What it's like to be a male in tech, and then a female - derwiki
https://medium.com/i-m-h-o/1a9d60a9e520

======
yogo
This offers some real perspective, but it's still hard to tell how much
confidence, or the lack of, factored into everything. If you don't appear to
be confident about something it can be a turn off. I'm mention that not to
deny sexism but to say that you should always exude confidence.

------
johnbm
The plural of anecdote is not data. Richard Lippa has done studies that show
the more economic freedom and gender equality a country has, the more men and
women choose traditional occupations along gender lines.
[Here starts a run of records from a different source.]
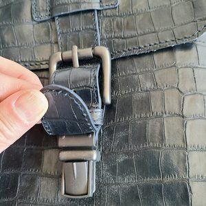 NWT Kenneth Cole Collection navy leather briefcase.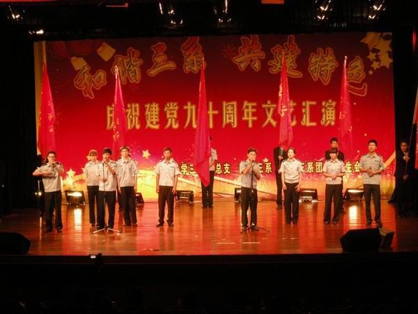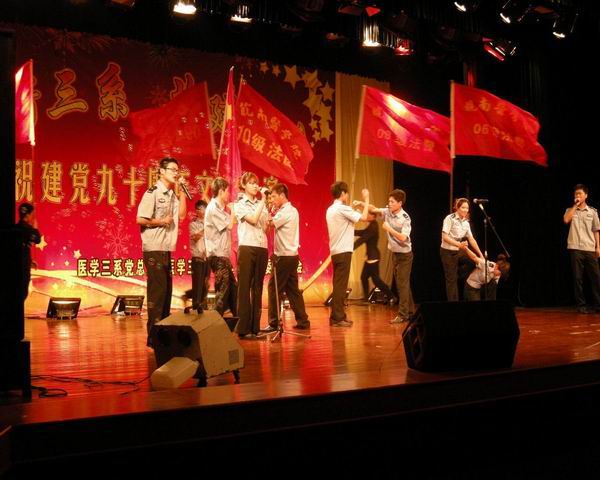 在“和谐三系,共建特色”庆祝建党九十周年大型文艺晚会上,公司法医学专业老员工出色演绎了原创歌曲《永不止步的法医》,引起现场观众强烈反响,将晚会气氛推向高潮。法医专业原创歌曲《永不止步的法医》,在系部领导陈阳主任、唐传莉书记亲自指导下,由张越老师创作填词,法医专业07级原泉、08级周永彬编曲,08级马彬、09级张天叶编舞,法医专业08级、09级、10级老员工参与表演。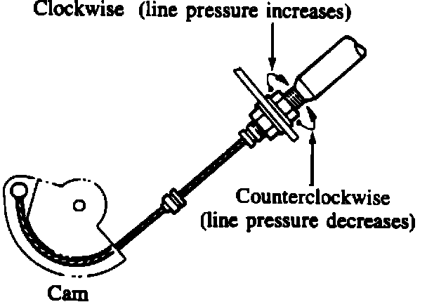 When the locknuts are moved, line pressure is increased or decreased as shown. Adjust the cable locknuts to correct position using the following procedure.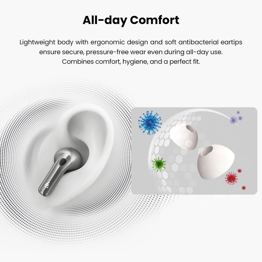 - Soft, secure and hygienic antibacterial ear tips for all-day comfort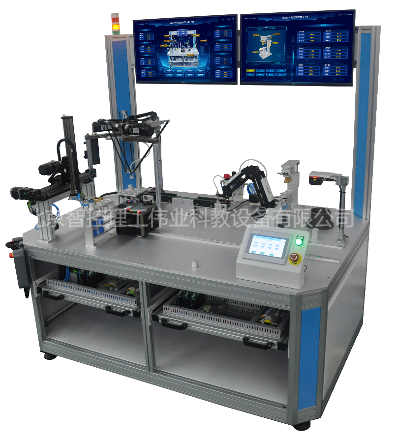裝置是一套可以模擬一個智能化車間生產運行的綜合性應用系統,整個裝置可以實現從立體倉庫管理、智能小車輸送、機器人搬運、模擬加工、視覺檢測、數字化信息采集、可視化數據監控、工業互聯網應用開發,實驗裝置流程可實現由并聯機器人取料-傳輸-多軸機械手搬運-加工-檢測-智能車運輸-立體倉庫存的正向流程,配套的數字孿生系統可以實現與實物機構的實時同步運動,系統由分布式組合控制方式可以開展單機應用實訓,也可以開展組合控制實訓。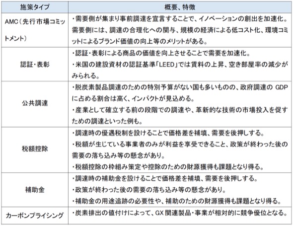 GX製品の需要創出策には、様々なタイプの手法があり、諸外国においても産業部門の特性に応じた複数の手法を適用することが一般的である。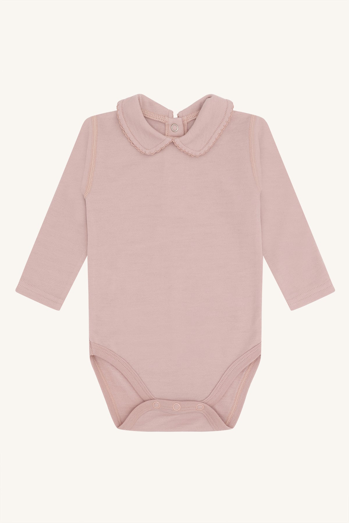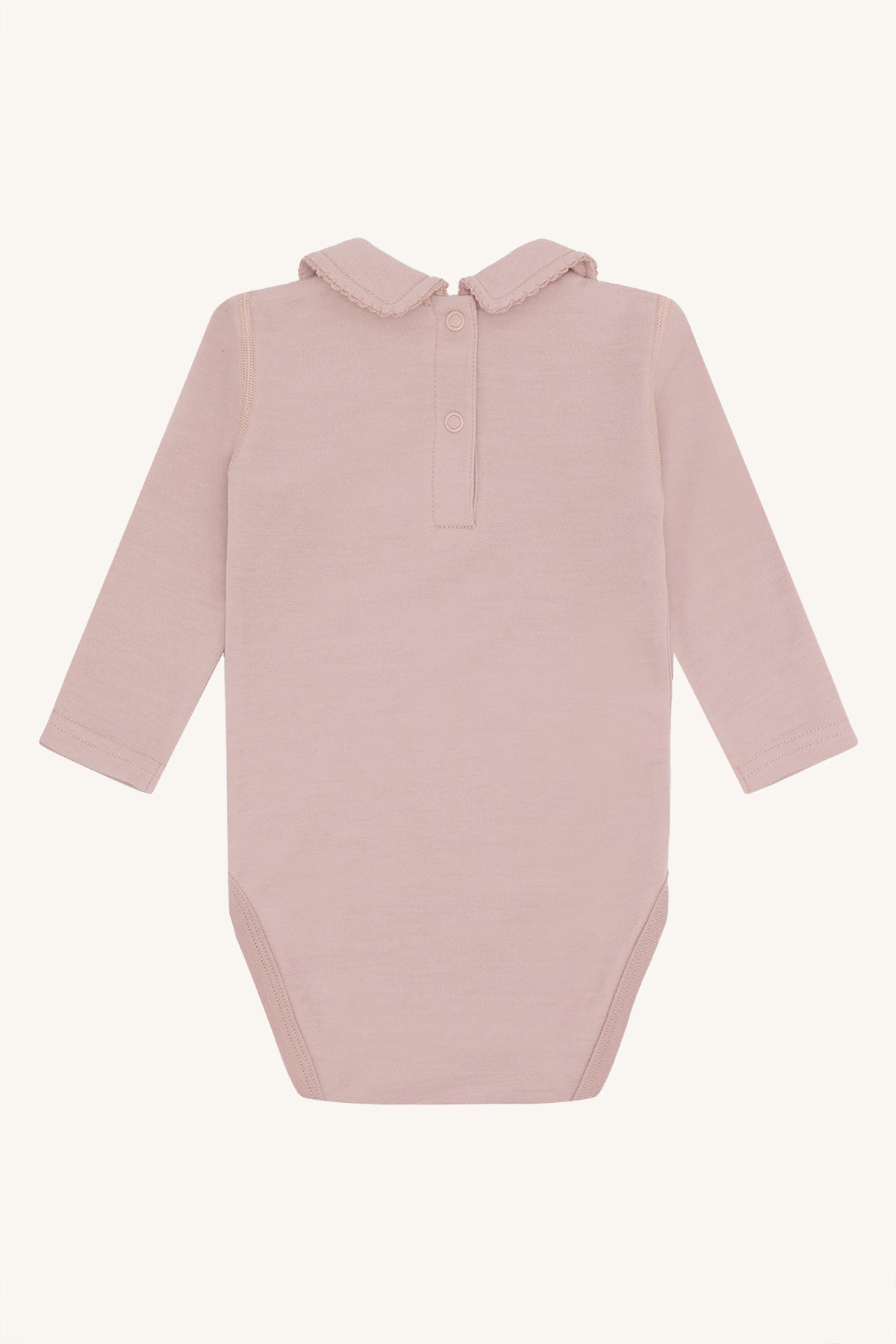 Der langarm Body von Hust and Claire ist aus bequemer Merinowolle und Bambus-Viskose. Der weiche Body hat einen hübschen Kragen, was dem Body eine gewisse Eleganz verleiht. Die Knöpfe auf der linken Schulter und im Schritt erleichtern das An- und Ausziehen, sowie auch das Wickeln. Der kuschelige Body hat aussen eine Wollschicht und innen feine Bambusviskose. Dank des tollen Materialmix reguliert der Babybody wunderbar die Wärme/Kälte und eignet sich optimal für die kältere Jahreszeit.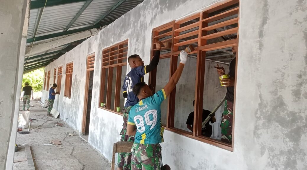Kopda Viktor A. Kaju, yang turut mengecat kusen jendela, menegaskan bahwa kualitas menjadi prioritas utama. “Kami memastikan setiap tahap pengerjaan dilakukan dengan maksimal agar hasilnya bisa bertahan lama dan memberikan kenyamanan bagi para siswa,” katanya.

It's pretty obvious: in countries where your high paying options are limited
(e.g. eastern Europe or India), you are more likely to go after a career in
STEM, preferring economic success over personal actualization.

Decades of pro equality policy in e.g. Norway or Sweden have not significantly
increased the number of women studying STEM. Government officials say outreach
programs result in a temporary increase in women that drops again after a year
or two.

But if you bring facts or studies with n=200000 respondents to the discussion,
someone like this will dismiss it because she worked with some shitty men
before and generalizes her experience to every woman and man in the industry.

If you see a sexism post on medium, you can be sure it's going to be anecdotal
and utterly US-centric.